:: What to do ::
Please repeat, from the entries that follow, the lines from the one containing "Tilt Super® 300EC" through the one containing "sampah eceng gondok" exactly, adding nothing.

:: Material provided ::
· · ·
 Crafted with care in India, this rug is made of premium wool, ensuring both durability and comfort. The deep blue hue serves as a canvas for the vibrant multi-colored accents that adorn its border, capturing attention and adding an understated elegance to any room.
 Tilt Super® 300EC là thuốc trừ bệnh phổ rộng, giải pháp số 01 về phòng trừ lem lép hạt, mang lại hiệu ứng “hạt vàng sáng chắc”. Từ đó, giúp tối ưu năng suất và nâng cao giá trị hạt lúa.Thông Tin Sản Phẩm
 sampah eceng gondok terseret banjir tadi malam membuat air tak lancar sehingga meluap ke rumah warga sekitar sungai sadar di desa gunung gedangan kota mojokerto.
· · ·
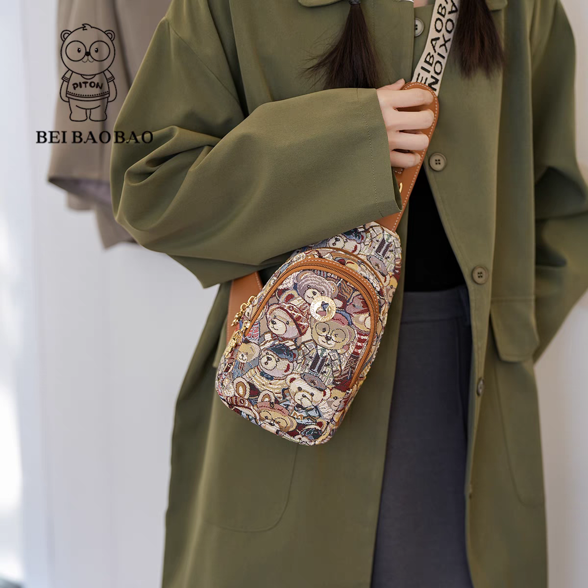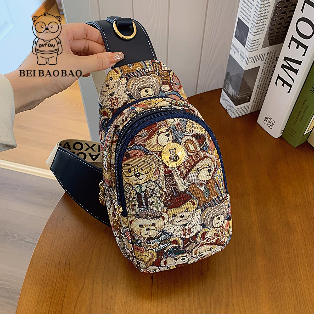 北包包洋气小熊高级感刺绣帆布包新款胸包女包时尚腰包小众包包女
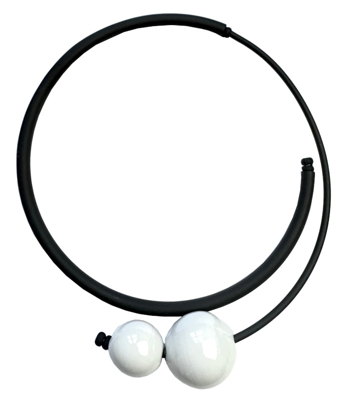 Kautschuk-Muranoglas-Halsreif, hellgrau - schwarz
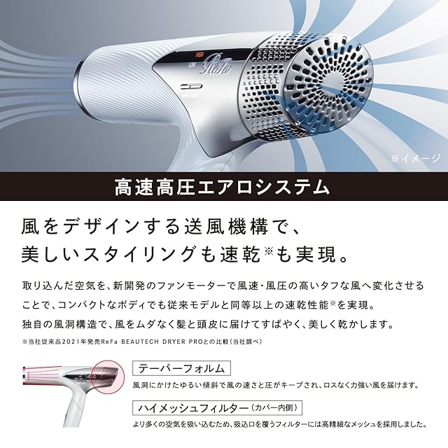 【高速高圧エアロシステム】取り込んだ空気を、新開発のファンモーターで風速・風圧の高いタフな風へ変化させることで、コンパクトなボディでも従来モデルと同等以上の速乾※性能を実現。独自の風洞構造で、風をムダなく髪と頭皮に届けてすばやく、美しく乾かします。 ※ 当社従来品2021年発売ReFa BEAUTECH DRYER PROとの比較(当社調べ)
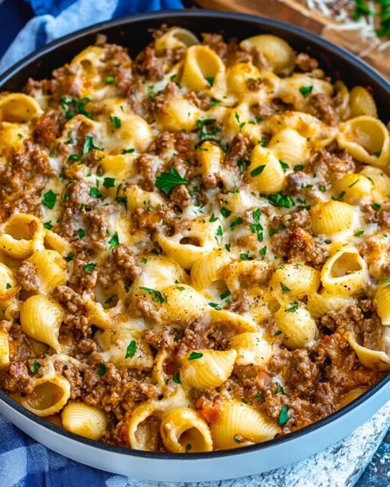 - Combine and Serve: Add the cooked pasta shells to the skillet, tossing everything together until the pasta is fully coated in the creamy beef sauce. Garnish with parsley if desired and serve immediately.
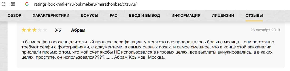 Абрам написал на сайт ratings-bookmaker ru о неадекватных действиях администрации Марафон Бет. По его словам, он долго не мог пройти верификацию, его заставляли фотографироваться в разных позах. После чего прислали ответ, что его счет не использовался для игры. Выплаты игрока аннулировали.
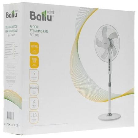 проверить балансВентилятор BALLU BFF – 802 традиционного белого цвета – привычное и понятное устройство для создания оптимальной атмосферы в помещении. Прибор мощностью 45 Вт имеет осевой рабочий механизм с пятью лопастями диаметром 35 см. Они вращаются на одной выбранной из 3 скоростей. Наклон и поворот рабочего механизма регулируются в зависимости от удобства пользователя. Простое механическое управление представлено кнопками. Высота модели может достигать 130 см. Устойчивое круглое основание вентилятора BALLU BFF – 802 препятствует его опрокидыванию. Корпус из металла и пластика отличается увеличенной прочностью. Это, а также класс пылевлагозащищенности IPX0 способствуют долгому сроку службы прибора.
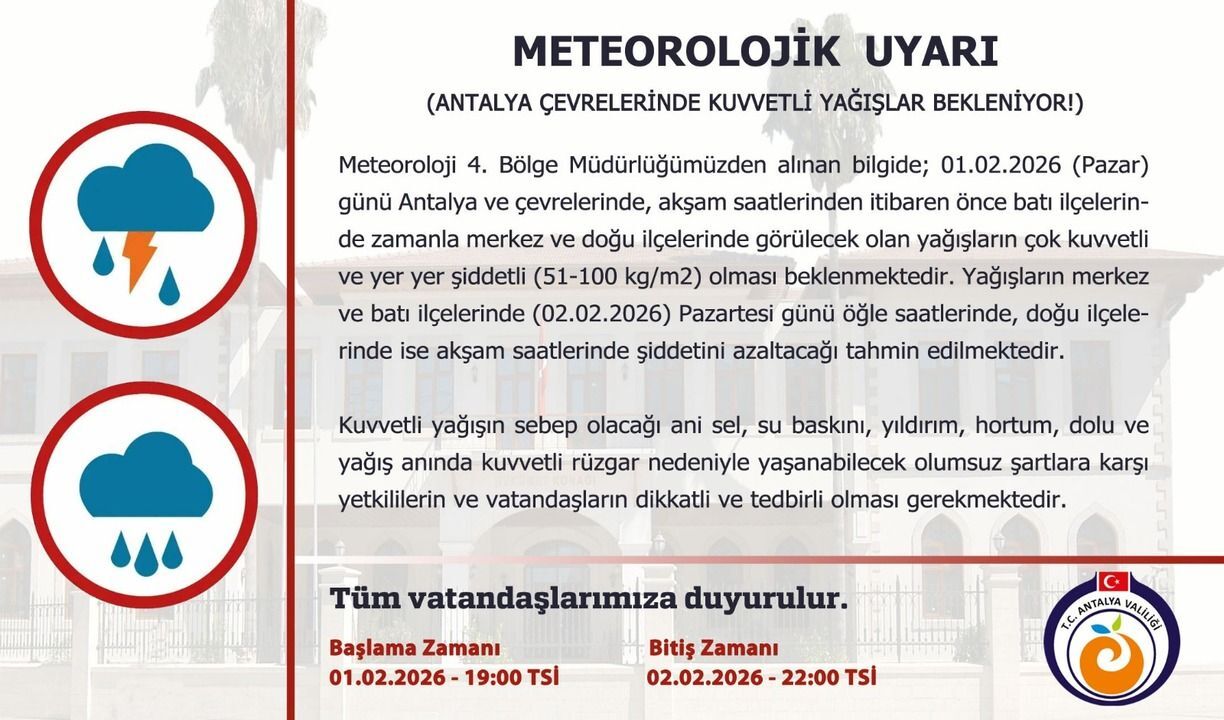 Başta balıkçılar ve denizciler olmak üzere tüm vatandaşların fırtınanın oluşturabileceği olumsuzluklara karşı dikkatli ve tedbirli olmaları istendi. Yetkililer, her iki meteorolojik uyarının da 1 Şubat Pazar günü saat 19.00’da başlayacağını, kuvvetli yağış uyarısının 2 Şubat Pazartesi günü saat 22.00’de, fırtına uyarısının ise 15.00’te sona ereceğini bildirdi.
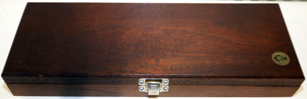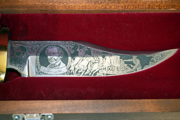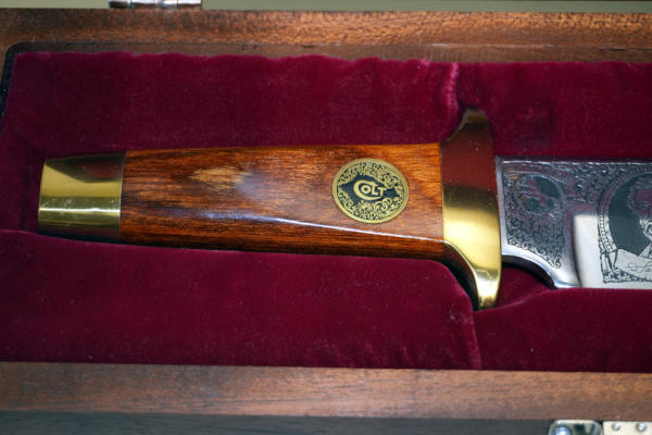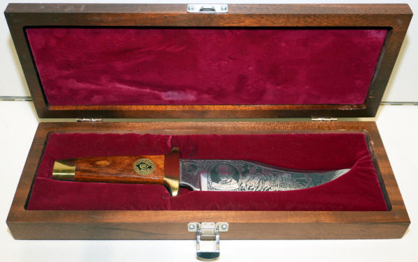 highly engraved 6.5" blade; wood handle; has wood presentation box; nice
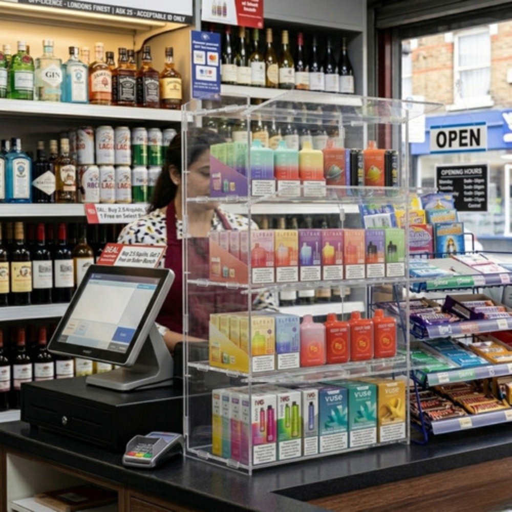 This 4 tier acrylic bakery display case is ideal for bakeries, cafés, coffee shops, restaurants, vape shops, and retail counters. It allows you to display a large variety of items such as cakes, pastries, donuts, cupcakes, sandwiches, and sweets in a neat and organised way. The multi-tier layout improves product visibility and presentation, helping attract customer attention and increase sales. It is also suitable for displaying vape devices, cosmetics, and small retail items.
· · ·
:: Solution below ::
 Tilt Super® 300EC là thuốc trừ bệnh phổ rộng, giải pháp số 01 về phòng trừ lem lép hạt, mang lại hiệu ứng “hạt vàng sáng chắc”. Từ đó, giúp tối ưu năng suất và nâng cao giá trị hạt lúa.Thông Tin Sản Phẩm
 sampah eceng gondok terseret banjir tadi malam membuat air tak lancar sehingga meluap ke rumah warga sekitar sungai sadar di desa gunung gedangan kota mojokerto.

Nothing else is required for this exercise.